9/21/2017 ISO 1200 Magazine 0 Comments

Star Photographer Marco Grob captured by Gabriel Hill

I usually tend to say that I don’t get nervous anymore before a portrait sitting but the minute I got the confirmation to have a portrait sitting with world renown portrait photographer Marco Grob my hands started sweating.

I am used to shooting under high pressure and with only short amount of time and sometimes difficult subjects but my subjects aren’t usually portrait photographers so this was a new ball game.I got the chance to shoot Marco Grob during the International Photo Festival Olten, which was held from August 25-27th in Olten, Switzerland.

Star Photographer Marco Grob captured by Gabriel Hill

The IPFO was a three day photo festival with keynotes, seminars, portfolio reviews and workshops with many great photographers from all around the globe. It is not often that you get to meet people like Marco Grob, Dan Winters, Stephen Wilkes and many more of the same league at a relatively small event and can chat with them.

As for my shooting, I only knew that it will take place during one of the 3 days Marco was in Olten but as usual I didn’t know when and where. The portrait sitting with Marco was part of a personal project of mine but also for the collection of a renown Swiss Museum where I am commissioned to portray famous Swiss people.
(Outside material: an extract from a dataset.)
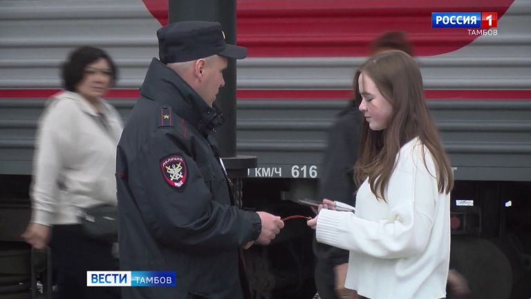 Всероссийская акция «Георгиевская ленточка» в Тамбове получила продолжение на железнодорожном вокзале. Вооружившись символами праздника, сотрудники транспортной полиции встречали пассажиров проходящих поездов.

On Saturday I got the information that I will get 10 minutes before Marcos keynote speach on the very next day. The whole event took place at 6 different locations and Marco was constantly running from one location to the next so I decided to take as little equipment as possible with me so I would be very mobile. With high profile people it is not unusual that last minute changes happen and I try to be prepared for every situation imaginable.

I always try to shoot at least two setups to have some wiggle room. For this portrait sitting, I went with a classic hand painted Oliphant backdrop for both setups. The first setup was a classical portrait setting at an old table and the second one an environmental portrait to show the location but which also fits the look of one of my personal projects.

Lighting wise I used a Broncolor Move 1200 L with two MobiLed heads, one single broncolor Siros L 800 an 150 octabox and a Para 133 umbrella.

I didn’t know what to expect at the location but this equipment allowed me to be prepared to whatever I wanted to do and it is also very portable and versatile. We found a cool location in the basement of the theater Olten and setting up the equipment was an easy job once I knew how I wanted the portraits to look like. For the environmental portrait I used the 150 Octabox on the broncolor Siros 800 L.

Almost everything is possible in post-production but I always try to have it right in camera so I used the grid on the octabox to have more control where the light was going. As we were in a more or less bad lighted room I used the Move 1200 with one MobiLed to up the ambient light. For the second setup, I used the Para 133 with the Move 1200 L kit. I wanted clean and crisp light, not too harsh but a little bit punchy.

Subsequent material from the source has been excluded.